Never trust a fall protection harness with your life

Does your job involve working at heights and relying on a fall protection harness to save your life if you should fall? You may not realize that the protection equipment can arrest the fall before you hit the ground, but your life will remain in danger. Your survival may depend on the prompt arrival of rescuers to get you out of the safety harness.

Your Iowa employer is responsible for your health and safety on the job, and this responsibility includes providing comprehensive training in the correct use of fall arrest systems. It is essential for you to learn about the risks of suspension trauma, and also how to stay safe.

What is suspension trauma?

When a person who is standing loses consciousness, he or she will fall and be in a horizontal position. This will allow normal blood flow because the brain, legs and heart will be on the same level. However, if you hang in your fall harness for longer than a few minutes, blood will pool in your legs instead of circulating in your body. Hanging in this position causes orthostatic intolerance, which can lead to suspension trauma. A prolonged suspension can cause severe brain, kidney or other organ damage.

What are the symptoms?

While suspended, you may feel breathless and light-headed, you may become pale and experience nausea. At the same time, you will likely start sweating, and hot flashes and dizziness may occur. Your blood pressure and heart rate may drop, or you might experience heart palpitations. While you will likely struggle to concentrate, you may start quavering, lose vision and become unconscious.

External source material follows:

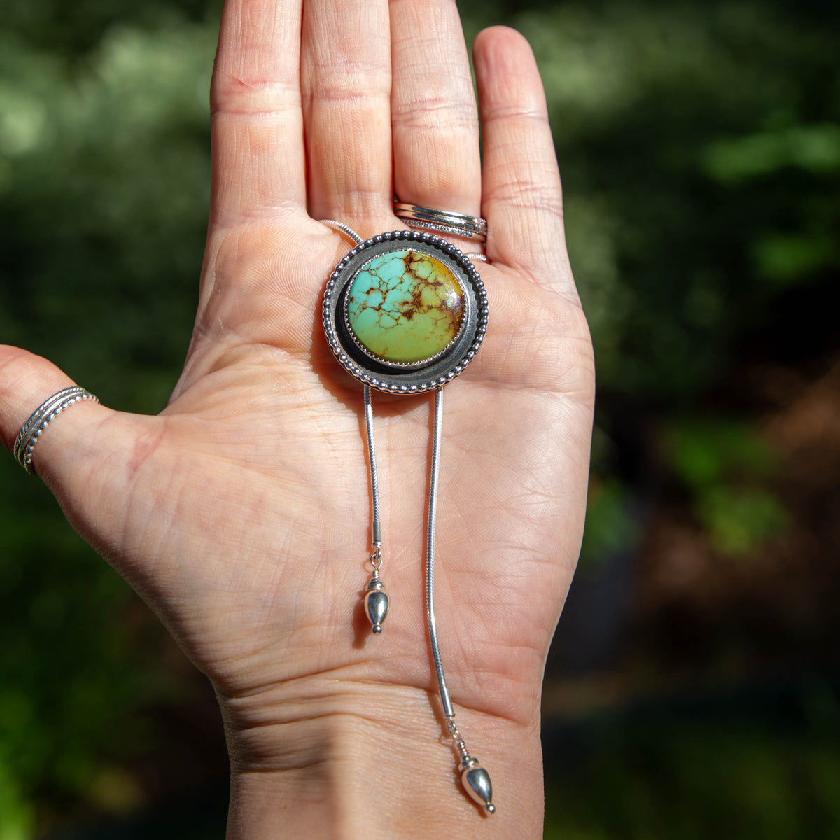 36" Hubei Circle Turquoise Sterling Silver Chain Bolo La Femme
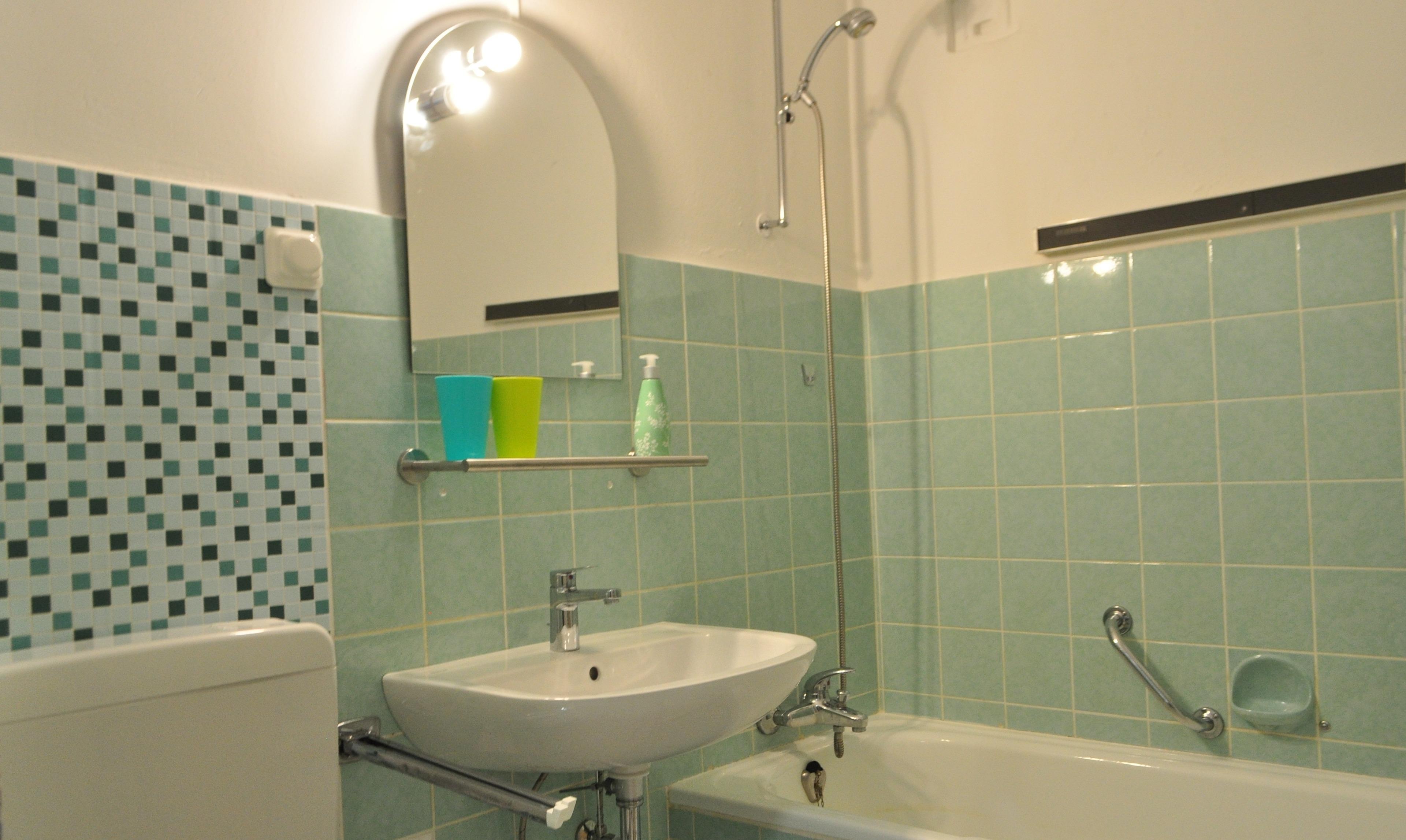 Im Badezimmer finden Sie eine Dusche-Wannenkombination und einen Haartrockner.

Which occupations are at risk?

Any worker whose job necessitates the protection of a fall arrest harness can be at risk. The following occupations are typically affected:

  • Roof workers
  • Construction workers
  • Window washers
  • Linemen
  • Bridge workers
  • Crane operators
  • Scaffolders

Precautions

The Occupational Safety and Health Administration provides comprehensive guidelines and regulations related to the prevention of suspension trauma. However, you may want to know that safety authorities say damage and loss of consciousness can occur within six to seven minutes, and if you are left suspended for longer than about 30 minutes, you may not survive.

What can you do?

You can gain as much knowledge about the risks of suspension trauma as possible, and learn how to inspect all the elements of your fall protection system before entrusting it with your life. If you are unfortunate enough to suffer such a workplace injury, the Iowa workers' compensation insurance system will likely have your back. With the help of an experienced legal representative, you can file benefits claims for coverage of medical expenses and a percentage of lost income.